I think singling out, or just using this dog got your overall point lost. I get what you're saying as far as one of the causes for abandoned dogs in general.


----------



## wolfy dog (Aug 1, 2012)

Steve Strom said:


> I think singling out, or just using this dog got your overall point lost. I get what you're saying as far as one of the causes for abandoned dogs in general.

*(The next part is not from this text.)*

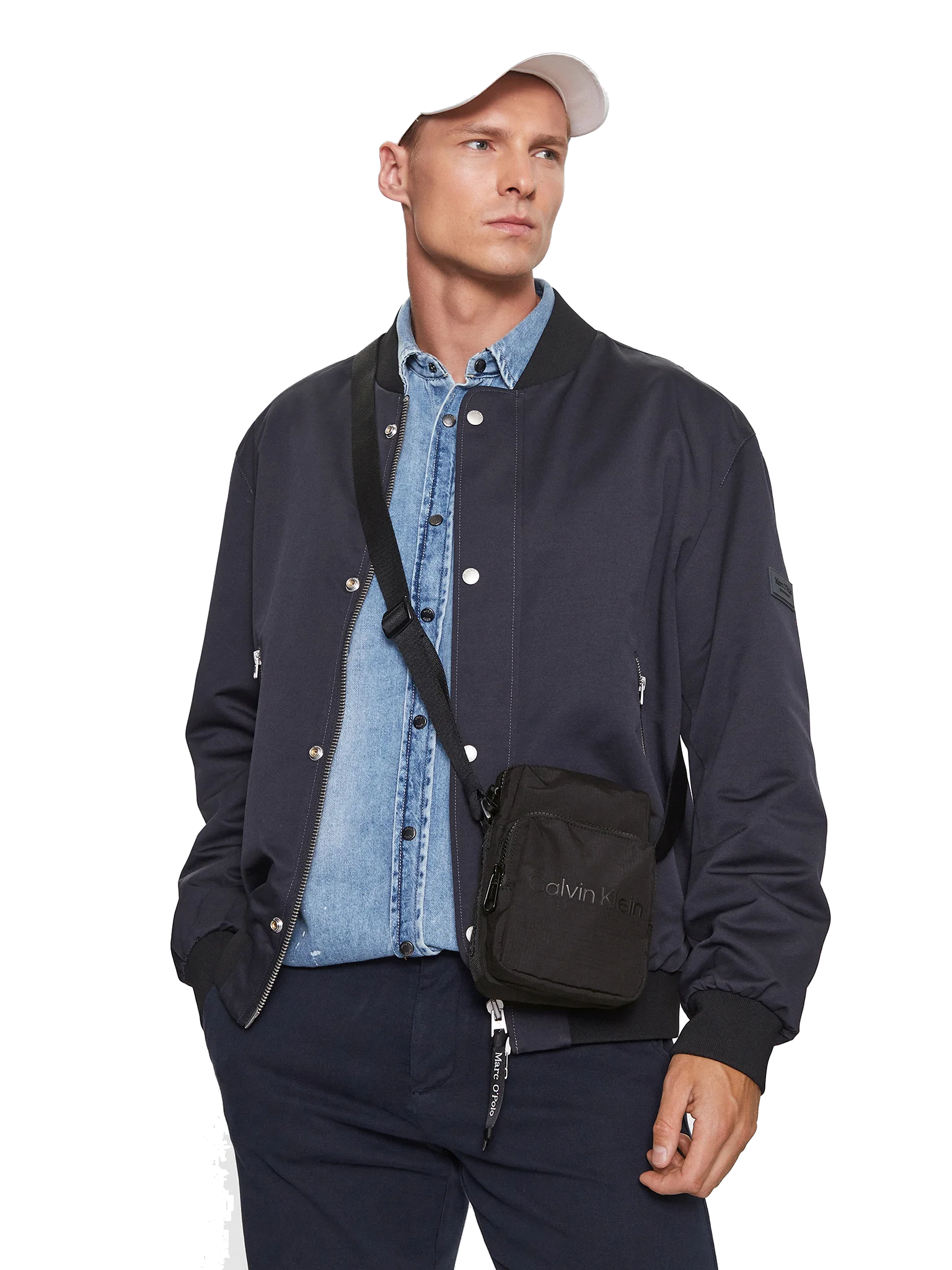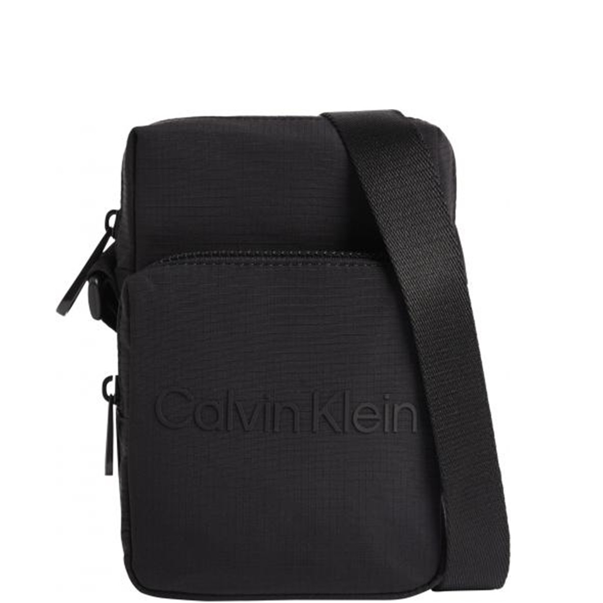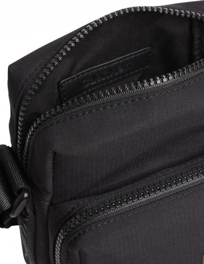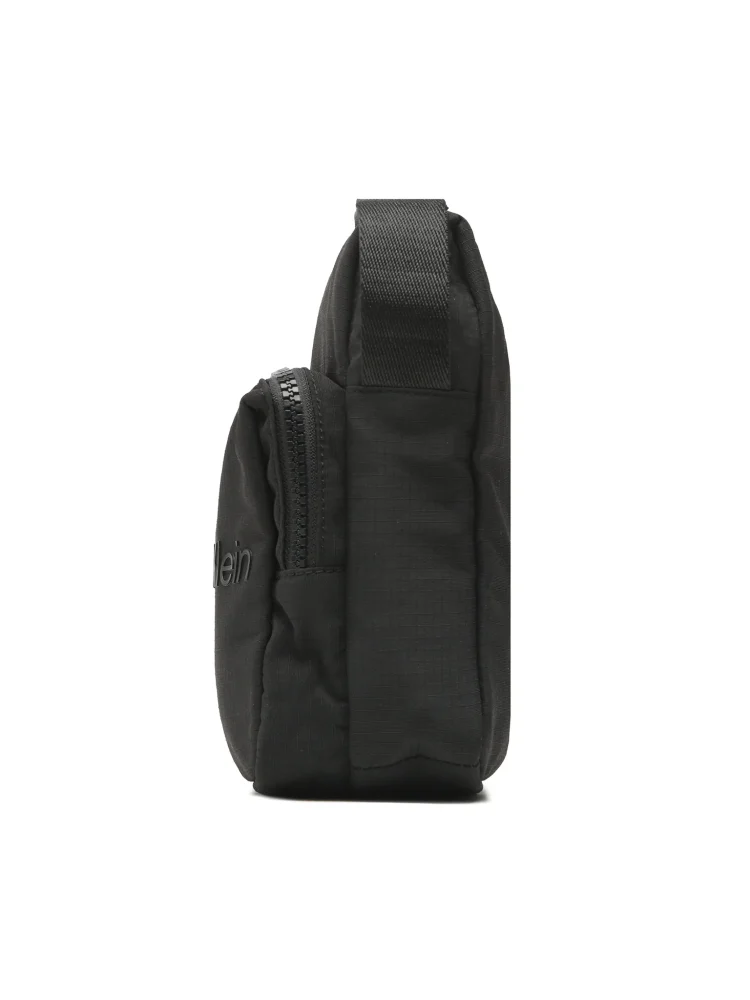 Bolsa com alça ajustável, 1 bolso externo, fecho zip, logótipo.

Partly agreeing but many shelters use pretty strong euphemisms to market their dogs without an honest temperament test report. I , as pet dog trainer, have had too many families heartbroken because they adopted dogs that "wanted to be the only dog", dogs that" really didn't want to share their toys", dogs that "needed love to get comfortable in the world" etc. For me this dog was the famous straw......


----------



## Deb (Nov 20, 2010)

Magwart said:


> Some of them get separated during rescue in different boats -- when you have a lot of animals (esp. multiple big dogs), sometimes they need more than one boat to get you all out. Some animals go in one boat, while others and people go in a second boat. The boat captains mean to stay together and/or rendezvous, but in the field, it's chaos. They often get separated. One may stop to pick up another person in urgent need and end up at a different drop off point. Then people are left waiting for the rest of their animals that never show up, numbers/names never got exchanged in the panic to get out, so the other animals land somewhere as having no known owner. That happened hundreds of times here last year, and it took a long time for their people to even come looking -- they're among the thousands in Red Cross shelters, with no working vehicles to go to the animal holding area because their cars flooded, and there's no bus service.
> 
> Imagine sitting in a shelter, knowing your pets made it out, but not knowing where they are, with no way to even go look -- and seeing social media reports about rescuers trying to start shipping pets across the country. These people in the shelters are already traumatized and lost everything--adding this new worry is cruel.
> 
> One of the few things that we got right in Louisiana flood last year was a consistent message from the authorities that no pets belonging to flood victims would leave the region, all would be kept safe at the fairgrounds or local shelter, and they'd keep them as long as needed. Transports _will _be needed in weeks or months for unclaimed dogs. For now, the sheltering organizations will need food, kennels, slip leads, volunteers (esp. vets and vet techs), shampoo, microchips, collars and temporary tags, etc. That transport money should be spent on helping them set up clean, humane, safe mass-sheltering facilities.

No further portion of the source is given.